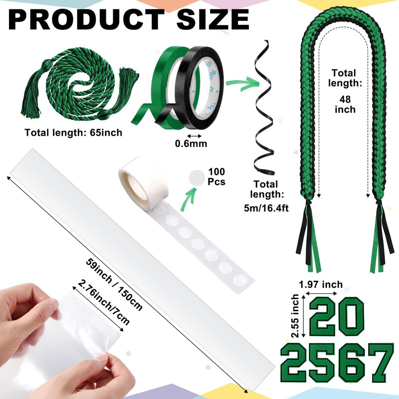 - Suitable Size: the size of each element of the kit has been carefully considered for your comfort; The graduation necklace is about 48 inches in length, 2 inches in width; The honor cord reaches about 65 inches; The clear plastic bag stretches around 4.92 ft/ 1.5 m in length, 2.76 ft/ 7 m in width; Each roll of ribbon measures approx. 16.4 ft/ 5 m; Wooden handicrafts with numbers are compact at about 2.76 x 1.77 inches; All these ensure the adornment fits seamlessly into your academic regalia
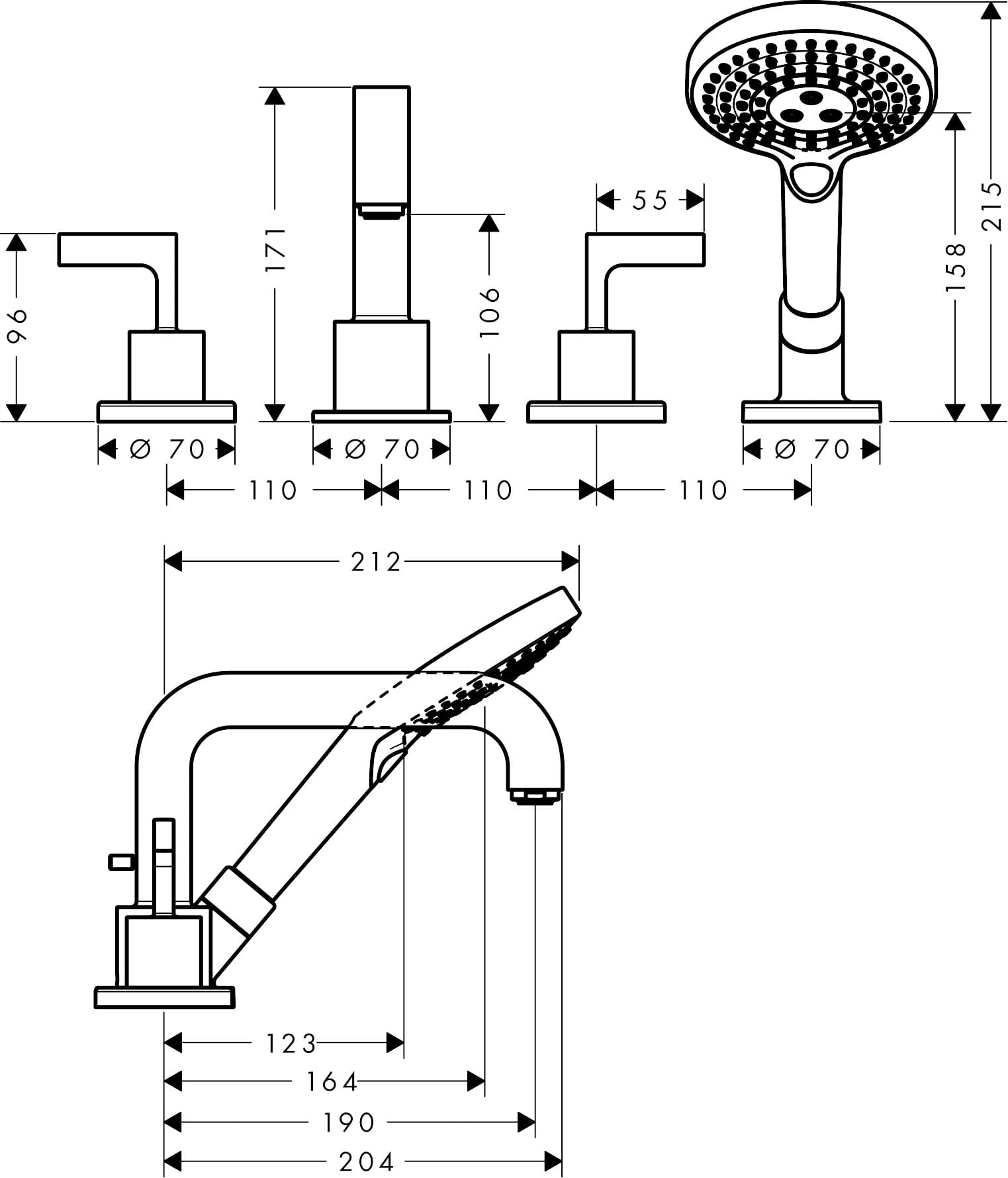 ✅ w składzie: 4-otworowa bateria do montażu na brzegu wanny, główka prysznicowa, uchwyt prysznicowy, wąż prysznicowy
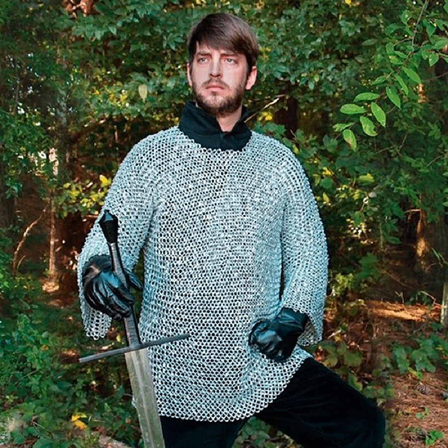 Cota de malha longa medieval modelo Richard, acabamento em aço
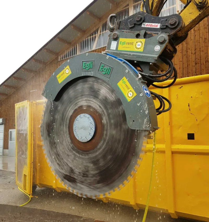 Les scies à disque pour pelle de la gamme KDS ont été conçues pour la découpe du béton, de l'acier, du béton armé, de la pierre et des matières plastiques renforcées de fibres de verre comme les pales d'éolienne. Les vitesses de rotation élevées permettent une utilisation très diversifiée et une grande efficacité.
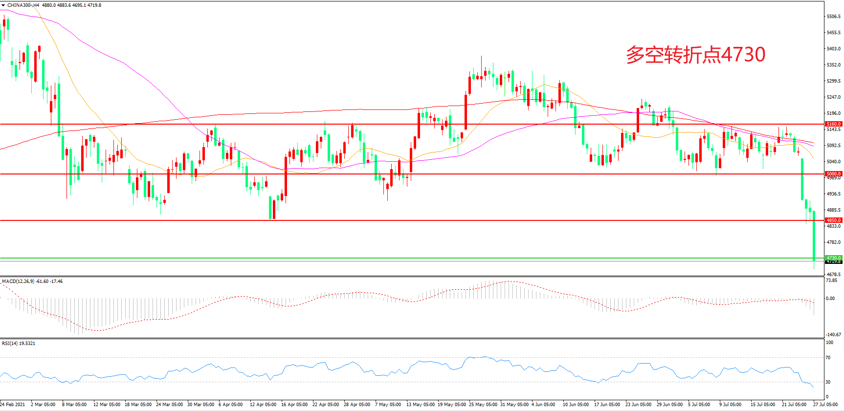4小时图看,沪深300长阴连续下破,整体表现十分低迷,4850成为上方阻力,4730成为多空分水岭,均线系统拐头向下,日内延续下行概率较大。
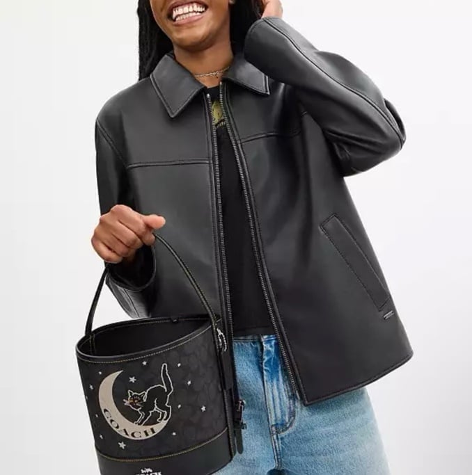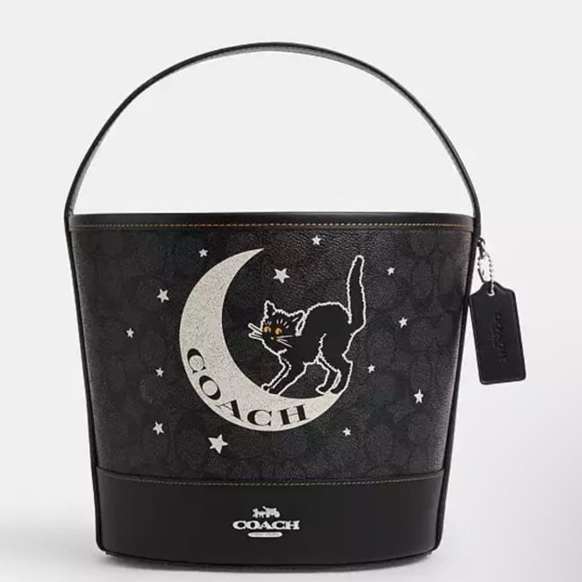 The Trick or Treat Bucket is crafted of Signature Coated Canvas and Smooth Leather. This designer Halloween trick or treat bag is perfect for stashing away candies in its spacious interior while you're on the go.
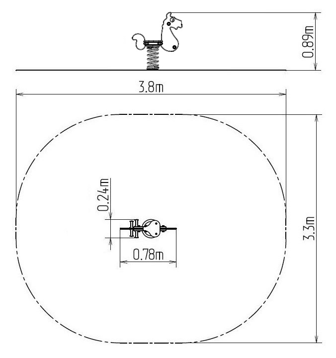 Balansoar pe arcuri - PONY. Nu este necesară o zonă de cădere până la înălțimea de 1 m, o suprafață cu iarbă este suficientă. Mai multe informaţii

━━━

What to produce >> Leaving pictures out, output the lines of the data above from the one with "Les scies à" through the one with "The Trick or", word for word.

Completed exercise >>
 Les scies à disque pour pelle de la gamme KDS ont été conçues pour la découpe du béton, de l'acier, du béton armé, de la pierre et des matières plastiques renforcées de fibres de verre comme les pales d'éolienne. Les vitesses de rotation élevées permettent une utilisation très diversifiée et une grande efficacité.
4小时图看,沪深300长阴连续下破,整体表现十分低迷,4850成为上方阻力,4730成为多空分水岭,均线系统拐头向下,日内延续下行概率较大。
 The Trick or Treat Bucket is crafted of Signature Coated Canvas and Smooth Leather. This designer Halloween trick or treat bag is perfect for stashing away candies in its spacious interior while you're on the go.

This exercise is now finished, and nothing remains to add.